退職した刑事が他殺体で発見された現場を見た後輩刑事は違和感を覚える。その違和感とは夕食の準備中だったと思しきキッチンにエビスのロング缶とビアグラスがあることだった。完全なる下戸であるはずの先輩の遺体の側になぜビールとビアグラスが・・・?。
というのが始まりの1篇で、この作品で「沈黙の目撃者」というタイトルの意味が早々に明らかになり、以降はその「設定」で繋がる短編集です。1.2篇目までは時系列通りではないものの同じ時間軸上の物語ですが、後半の3篇は「設定」のみ共通の別作品。

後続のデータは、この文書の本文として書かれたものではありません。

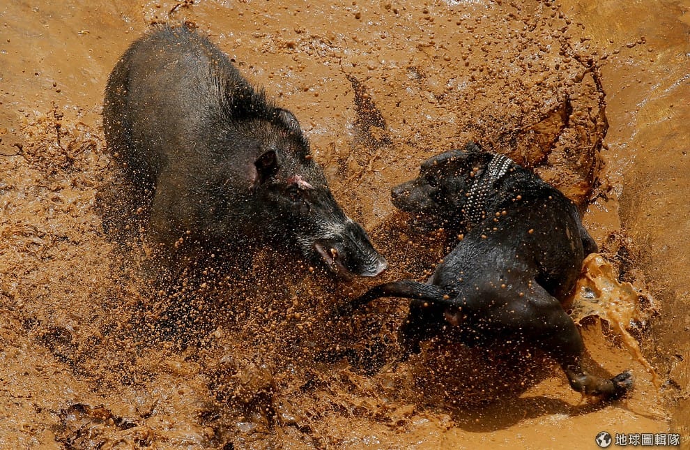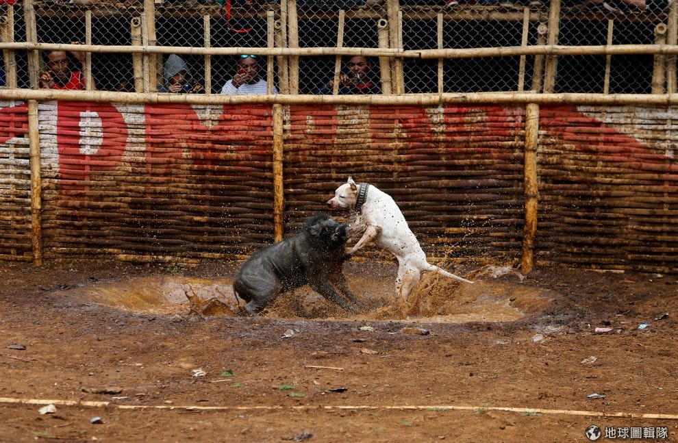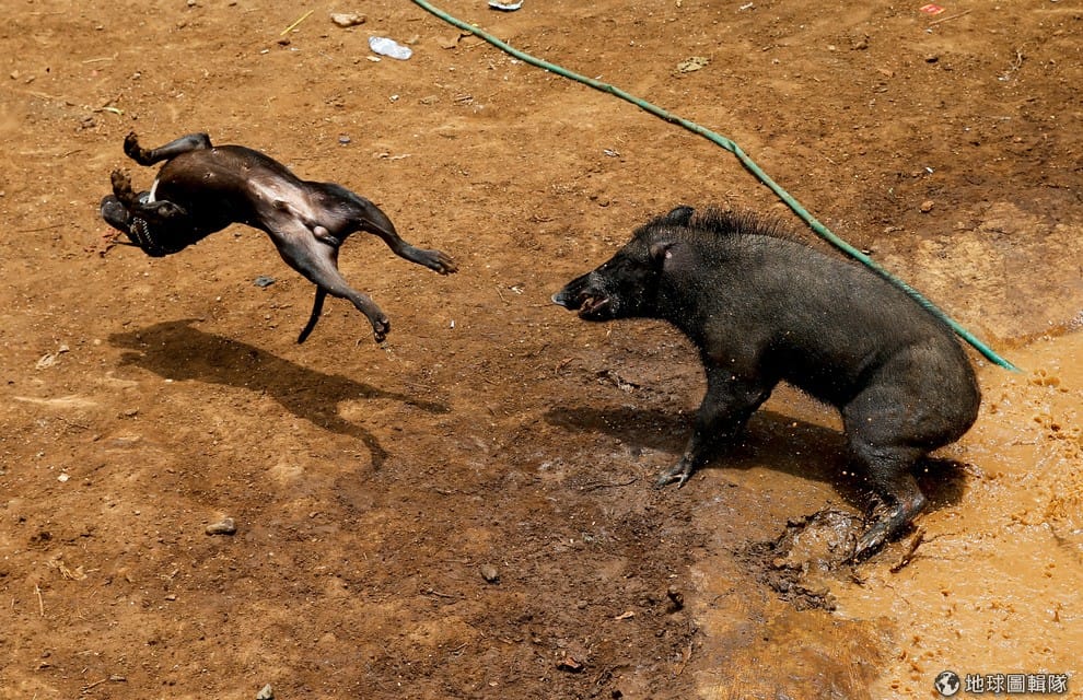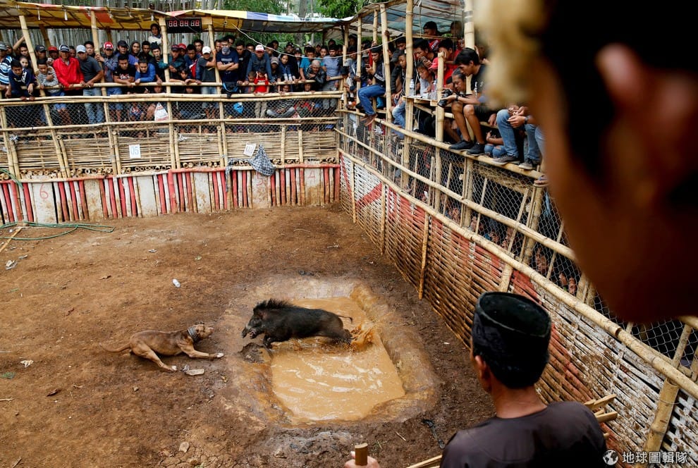 在印尼西爪哇省的村落,一隻狗和野豬在賽場上大打出手,牠們正在進行「野豬打鬥」。
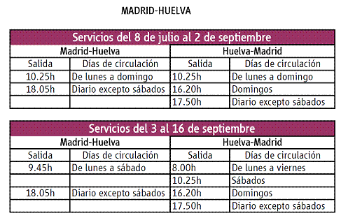 Durante los domingos de julio y agosto habrá, por tanto, tres salidas de Huelva: a las 10.25, 16.20 y 17.50 horas; y dos de Madrid Puerta de Atocha: a las 10.25h y 18.05h.

刑事の視点で描かれる1篇目と事件関係者の視点で描かれる2篇目は「設定」こそ突飛・・・というかキモ恐ろしいものの、まあ普通の事件モノです。もちろんそこは西澤さんなんで、異性同性どちらに対しても性欲を持たないノンセクシャルレズビアンの刑事コンビだったりはしますが、西澤さん的にそれは普通。で、3篇目からが本番な。本領発揮な。同じ「設定」でもこうまで違いますかと、いざ「設定」を掘り下げるとなるといきなり乱交ですかと(笑)。しかもゲイが熟女をサンドイッチ乱交ですかと(笑)。続く作品も愛憎ドロドロで、「設定」のありえなさを内容のグチョさが余裕で凌駕する、それが西澤作品ですよね!(満面の笑みで)。